Алла стояла под дверью. Наверняка, она слышала, по крайней мере, половину разговора. Голос у Олеси всегда был звонкий и сильный.
Спрашивать Алка, хорошая, добрая, верная подружка, ничего не стала, а просто пристально посмотрела в глаза и, кивком головы поманив за собой, пошла в кабинет. Там села за стол и принялась рисовать на тетрадном листке цветочки, загогулинки и глазки с длинными ресничками.
- Алка, помоги мне, - с трудом проговорил он.
- Нет, - сказала она, понимая, о чем её сейчас будут просить.
- Но ты же просто спасешь этого ребенка! Спасешь ему жизнь! Ну, ради нашей дружбы, ради... Она же живая там, эта девочка. Ты сама говоришь, что вес у неё большой, и девчонки, вообще, живучей пацанов.
- А ты представляешь, что чувствует сильно недоношенный ребенок, когда его заставляют жить, заставляют дышать? Ты представляешь, как ему больно?.. Ты хоть понимаешь, что её максимум можно дотянуть до двадцать пятой недели, а нормальный младенец появляется на свет сороканедельным?
Вадим не хотел ничего слышать, он понимал только одно: его личную, собственную, маленькую Олесю, для которой он всегда будет достаточно хорош, хотят убить.
- Уходи, Вадим, - попросила Алла. И он ушел.
А через два дня она позвонила снова и сообщила, что в пятницу Олеся рожает. И еще, что можно, конечно, попробовать спасти девочку, но при условии, что он очень хорошо подумал. Ребенок - не фотография, не открытка на память, не локон, хранящийся в шкатулочке... Вадим сказал, что подумал.
Тогда Алла выдвинула ряд требований. По пунктам. Словно они были записаны у неё на бумажке. Во-первых, он бросает пить. Категорически. Во-вторых, он меняет квартиру, работу, друзей - все! Никто не должен удивиться тому, что у него откуда-то вдруг взялся ребенок. И, в-третьих, он женится. Фиктивно - не фиктивно, какая разница?
Нужна женщина, добрая, опытная, умеющая ухаживать за детьми, с симпатией относящаяся к нему самому. Эта женщина поможет вырастить малышку, потому что девочка потребует более чем серьезного ухода, и, кроме того, на неё будут оформлены все документы. Формально женщина станет матерью ребенка Кузнецовой, и тоже должна быть готова полностью порвать со своим прошлым...
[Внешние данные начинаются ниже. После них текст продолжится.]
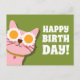 Celebre o dia especial de alguém com nosso encantador cartão de aniversário com um adorável gatinho rosa usando óculos estilosos contra um fundo verde vibrante! Essa ilustração moderna captura a essência da diversão e do capricho, tornando-a a maneira perfeita de alegrar o aniversário de alguém.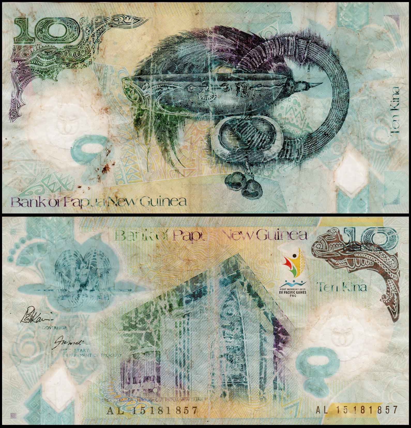 Papua New Guinea 10 Kina Very Used Banknote

- Лиля, ты сможешь? - спросил он, уже уверенно говоря "ты". - Мне казалось, что ты хорошо ко мне относишься. И ребенок... У тебя будет свой собственный ребенок. Ради этого ведь можно пойти на жертвы, правда?.. Тем более, ты не местная: какие уж особые контакты тебе рвать?
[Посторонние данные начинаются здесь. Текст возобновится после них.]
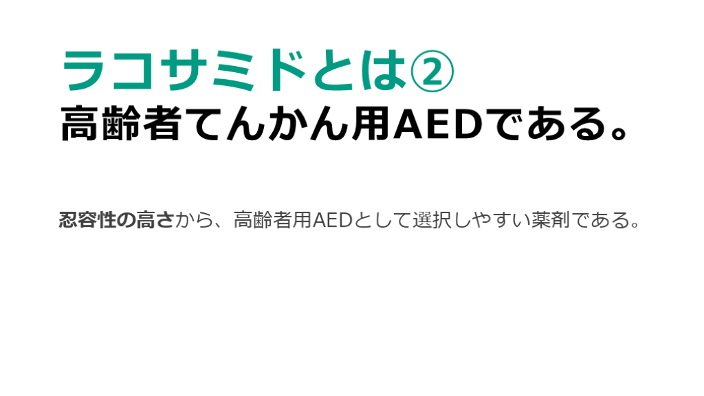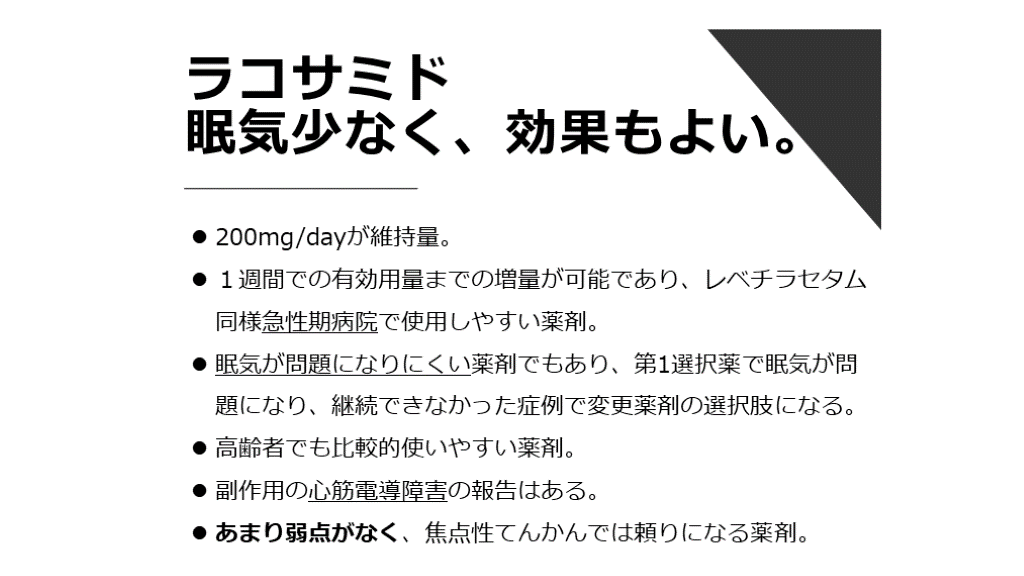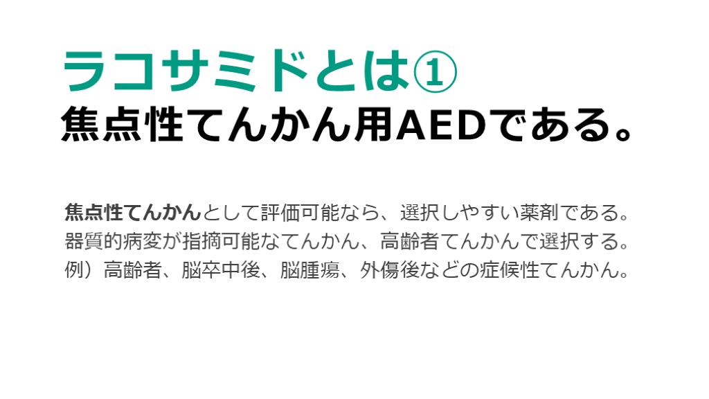 脳卒中を発症しうる高齢者である、という背景も考慮。 ラコサミドとは③

"Какие жертвы?" - думала она. - "При чем тут, вообще, жертвы? Это же... Это..." Слово счастье к данной ситуации не совсем подходило, и Лиля долго мучалась, подбирая определение тому чувству, которое тепло и нежно обволакивало её сердце.
- Если ты хочешь, если согласишься, - продолжал Вадим, - ты можешь стать мне настоящей женой. Ты симпатичная, ты мне нравишься. Но, главное, конечно, девочка...
Она зарделась:
- Я... Я, в общем, не имею ничего против. Ты мне, действительно, не безразличен. Тем более, помочь выжить ребенку... А про детей ты все правильно сказал: я родить не могу. Только ведь есть одно "но". Ты про все мои болячки, наверняка, слышал? Где гарантия, что я года через три-четыре не стану полным инвалидом, или, ещё того хуже, не умру? Останется малышка опять одна: без мамки, без няньки?
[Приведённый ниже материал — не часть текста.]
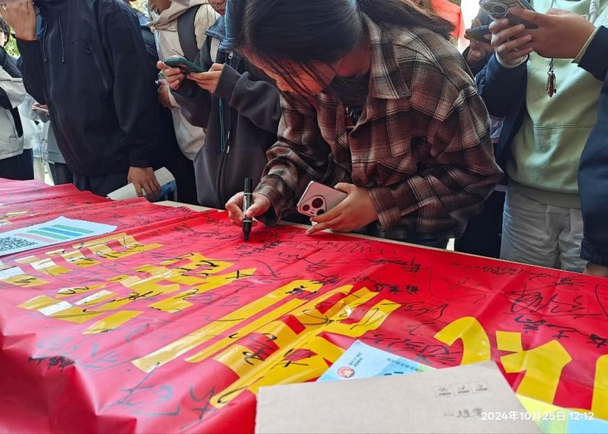10月25日,太阳成集团122ccvip于一二食堂门口举办“抵制谣言你我他,网络安全靠大家”横幅签名宣传活动。活动现场,工作人员向同学们普及了网络安全法律法规、网络诈骗防范、个人信息保护等方面的知识,员工的积极响应和参与,纷纷表示在今后的学习和生活中,将自觉遵守网络安全法律法规,提高网络安全防范意识,共同营造一个安全、和谐、文明的网络环境。

- Это ничего. Главное ведь, первые два года. Даже год и...
Не договорив, Вадим осекся, судорожно и виновато закашлялся, замотал головой. Прядь волос упала ему на лоб, и Лиля заметила в темной шевелюре несколько тонких седых ниточек. Через силу улыбнулась, пообещала:
- Ну, уж год я тебе гарантирую. - И добавила. - Все. Можешь не расстраиваться. Я выйду за тебя замуж и заявление об увольнении подам сегодня же...
Потом была странная свадьба. Вадим - без шапки, в расстегнутой куртке, под которой виднелся строгий серый костюм. Какой-то невзрачный друг-свидетель, свидетельница для Лили. Свадебные розы, розовые и безликие, Бокарев держал бутонами вниз. Они болтались в его руках, как ненужный веник.
Лиле на секунду стало обидно за цветы, вовсе не виноватые в том, что свадьба такая нелепая. И ещё она подумала, что точно так же как эти розы выглядела бы сейчас её мама, решительно отказывающаяся понимать, почему ей нельзя приехать на бракосочетание единственной дочери. Мама бы, наверное, пришла в своем любимом бордовом платье с люрексом, прическа её густо пахла бы лаком, и она улыбалась бы неуверенно и призывала к всеобщему веселью, точно не зная, но чувствуя, что что-то здесь не так.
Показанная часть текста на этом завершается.